Not everyone is a good candidate for short selling. If you intend to use short-selling strategies, you should have a high-risk tolerance. Short-selling entails additional risks that are not present when buying long. When you purchase a stock, the maximum loss on the trade is limited to the purchase price. When selling a stock short, the potential loss is limitless. The stock's price cannot fall below zero in the long run. On the short side, there is no upper limit to the price. Some fees can be significantly higher on the short side than on the long side, such as short interest and locate fees. Consult your broker if you are unsure about the fees associated with selling short.

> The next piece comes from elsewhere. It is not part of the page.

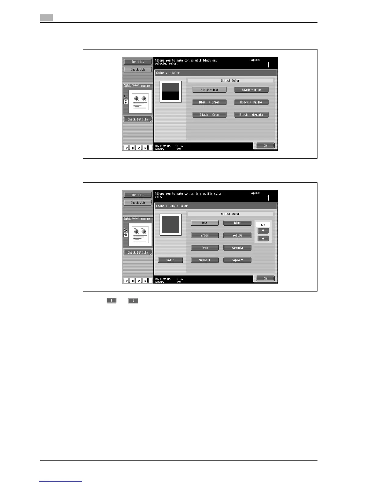 – With the "2 Color" setting, various color combinations are available. Color combinations other than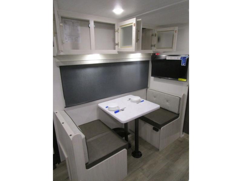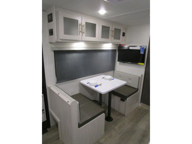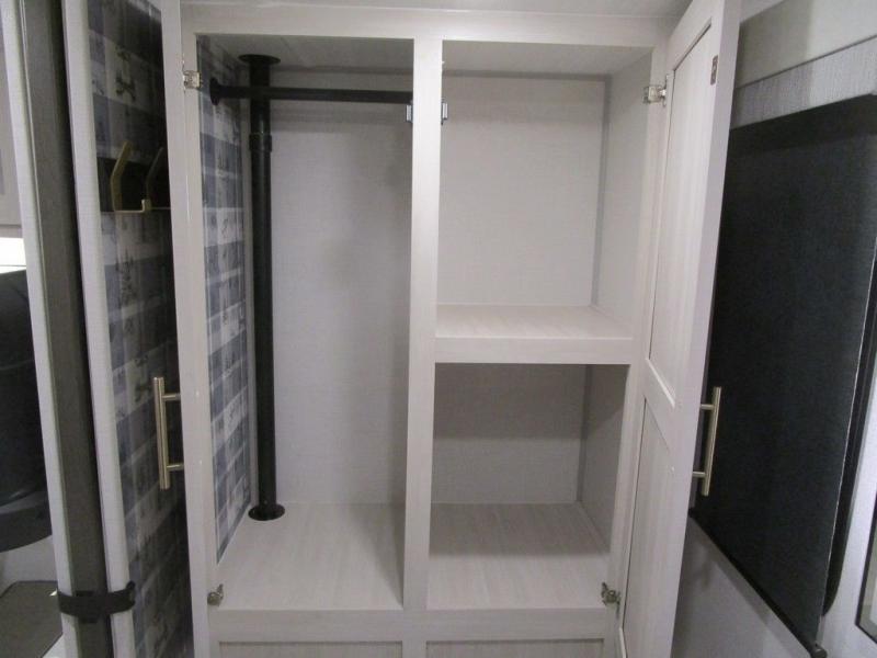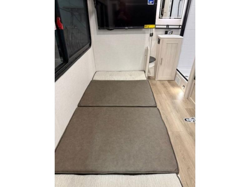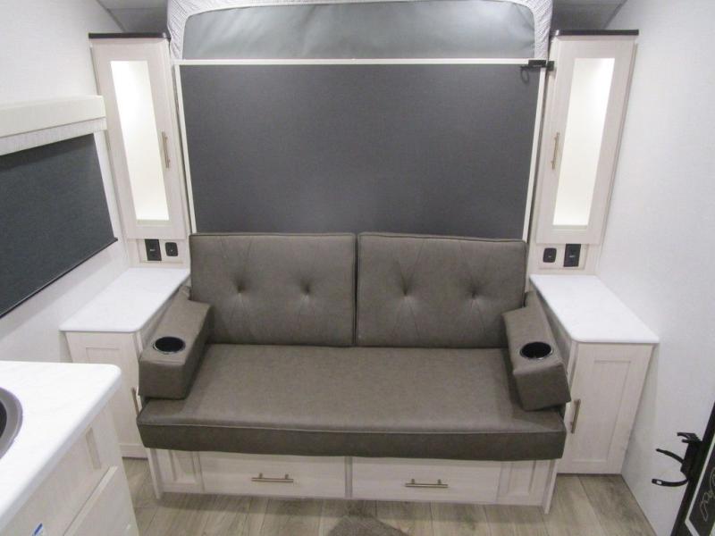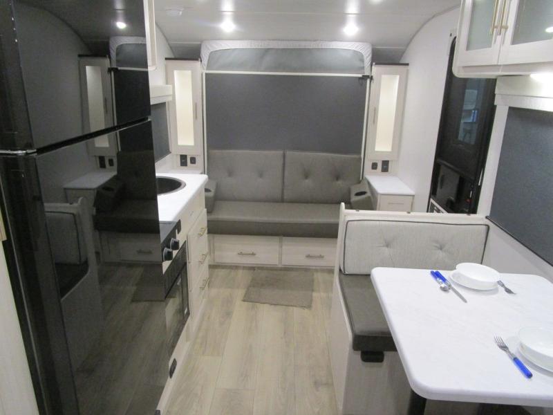 You're going to love all of the conveniences and versatility of this travel trailer! The front Murphy bed folds away to reveal the sofa which gives you a comfortable place to sit during the day and to sleep at night too. The rear full bath features everything you will need to get squeaky clean each morning as well as a large linen closet for clean towels. After you have whipped up your best meal with the two-burner cooktop, you can head to the booth dinette and enjoy eating it there comfortably. This model also includes the Hood River Edition that comes with Mud Legend all terrain tires with TPMS, a MaxxAir vent cover, and 12V tank heaters!

How long can a stock be shorted?

People may short the stock for as long as they wish, but because it requires borrowing the stock from a broker, the broker will charge their interest until the debt is settled. 

What about dividends on borrowed stock?

Because you are borrowing the stock, the lender will pay the dividends, and you will be required to repay the dividend.

Is shorting the stock result in a decrease in its price?

It is improbable that a single short sale order will affect the price of a stock. However, heavy selling can exert downward pressure on stock prices, and if many people sell the stock simultaneously, the price can be dragged down.

Is it possible to lose more than you invested?

You can lose more than you invested in the stock, and short-selling losses are potentially infinite. In comparison, when using the traditional long strategy, the maximum loss is the cost of the stock, whereas when using the short sell strategy. A price's stock can continue to rise indefinitely; as the stock soars, your losses accumulate. This is an area in which short-sellers must exercise caution.

Final Thoughts

Investors should bear in mind that stocks generally trend upward and that the stock price will appreciate over time. Even if the company's fundamentals are weak or its performance is marginally improved, the rate of price in the economy will drive the stock upward, which means shorting is similar to going against the market's direction. The market's volatility will affect the market price of the shares, and shorting is a strategy that should be used with caution.

 

Not everyone is a candidate for short selling. To succeed, a great deal of knowledge and trading abilities are required. As a result, it is not suitable for beginners or individual investors, as you will be competing against some of the industry's brightest minds. If you are set on shorting stocks, you should employ an investment strategy that mitigates the risks associated with shorting. Given the risks, making the most of the stock market requires extreme caution, thorough research, and a willingness to take calculated risks. Before you begin shorting, you can seek investment advice from industry professionals.